__PROMPT__. Extract, exactly as written, the line that contains "In this sketch" and all lines after it through the end of the records. Omit pictures.
***** EXTRACTED RECORDS *****
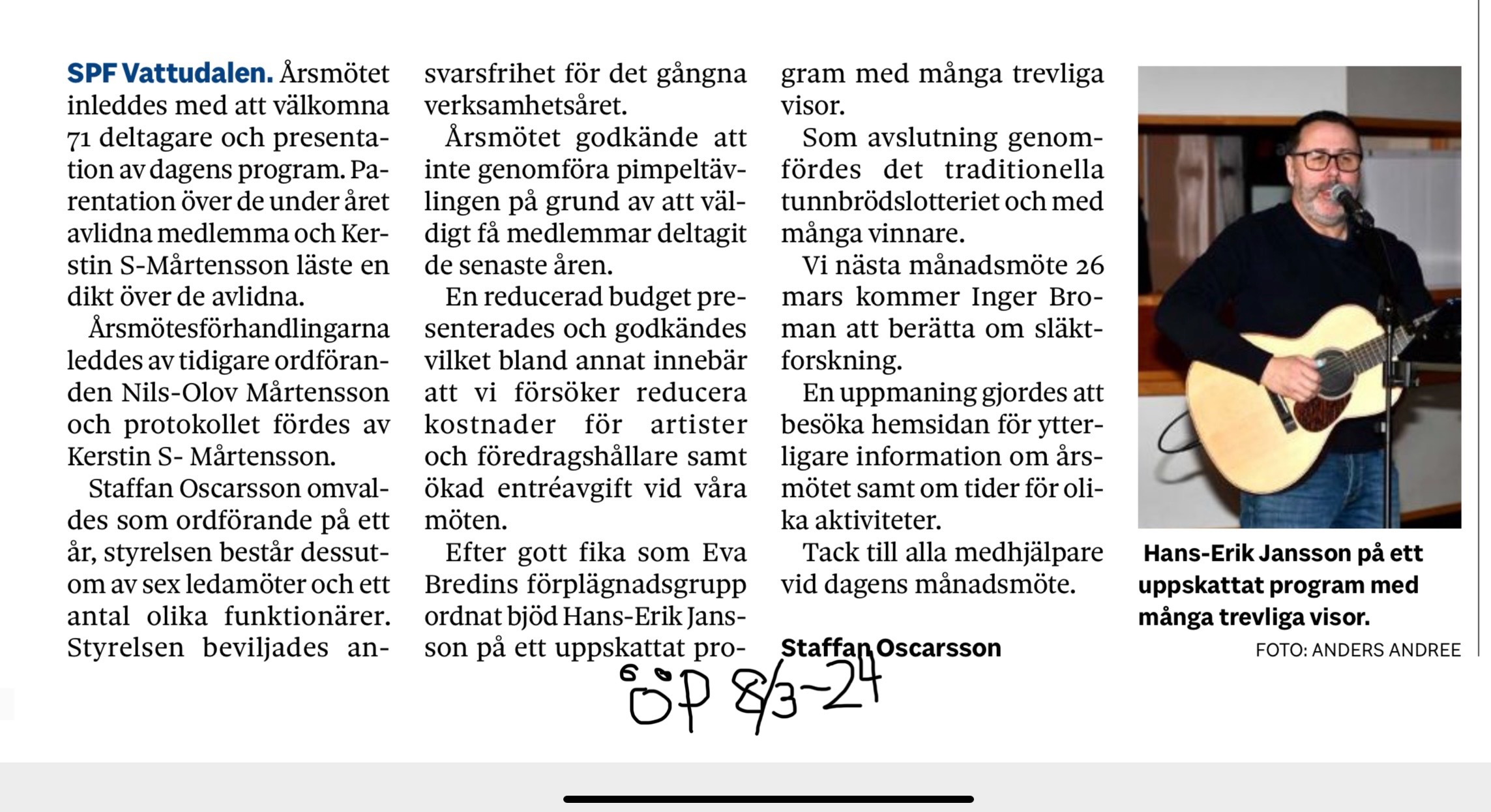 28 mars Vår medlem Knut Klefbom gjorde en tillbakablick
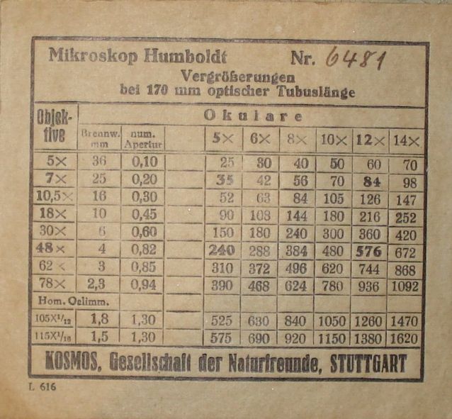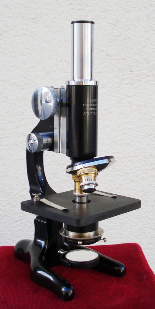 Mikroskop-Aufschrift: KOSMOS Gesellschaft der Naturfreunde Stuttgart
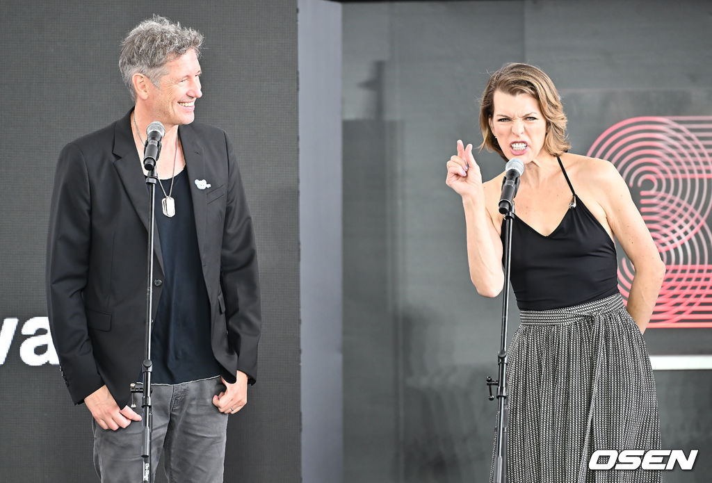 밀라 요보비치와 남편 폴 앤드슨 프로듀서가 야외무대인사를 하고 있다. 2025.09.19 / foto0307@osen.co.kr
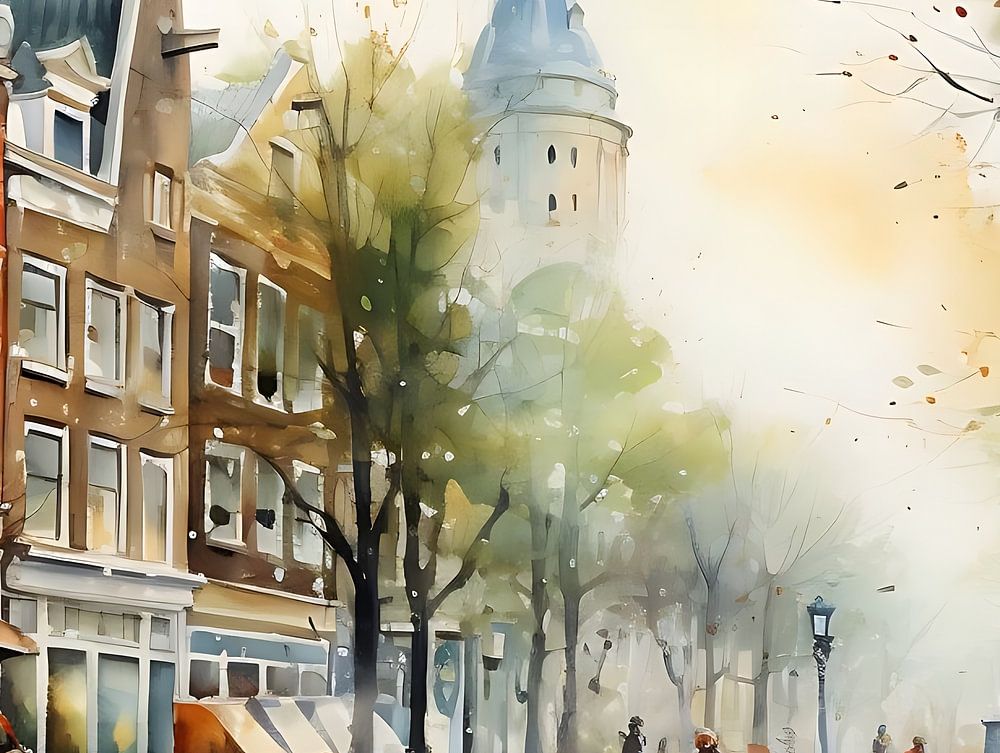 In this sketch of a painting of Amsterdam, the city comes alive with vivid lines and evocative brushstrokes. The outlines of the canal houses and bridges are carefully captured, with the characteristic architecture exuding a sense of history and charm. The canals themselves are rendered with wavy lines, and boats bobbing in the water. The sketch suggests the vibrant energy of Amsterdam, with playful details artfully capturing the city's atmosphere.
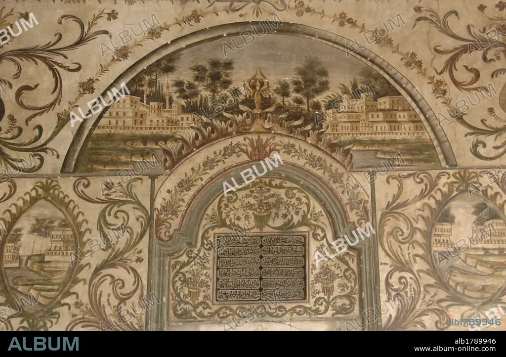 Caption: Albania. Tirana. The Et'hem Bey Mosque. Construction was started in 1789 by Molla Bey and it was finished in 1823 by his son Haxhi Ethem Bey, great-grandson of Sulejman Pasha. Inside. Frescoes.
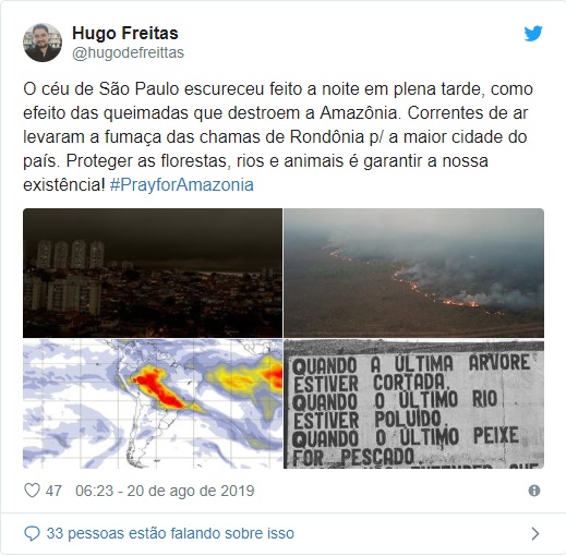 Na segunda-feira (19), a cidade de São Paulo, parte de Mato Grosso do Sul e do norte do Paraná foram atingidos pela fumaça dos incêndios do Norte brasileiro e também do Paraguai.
*****
__ANSWER SECTION__.
 In this sketch of a painting of Amsterdam, the city comes alive with vivid lines and evocative brushstrokes. The outlines of the canal houses and bridges are carefully captured, with the characteristic architecture exuding a sense of history and charm. The canals themselves are rendered with wavy lines, and boats bobbing in the water. The sketch suggests the vibrant energy of Amsterdam, with playful details artfully capturing the city's atmosphere.
 Caption: Albania. Tirana. The Et'hem Bey Mosque. Construction was started in 1789 by Molla Bey and it was finished in 1823 by his son Haxhi Ethem Bey, great-grandson of Sulejman Pasha. Inside. Frescoes.
 Na segunda-feira (19), a cidade de São Paulo, parte de Mato Grosso do Sul e do norte do Paraná foram atingidos pela fumaça dos incêndios do Norte brasileiro e também do Paraguai.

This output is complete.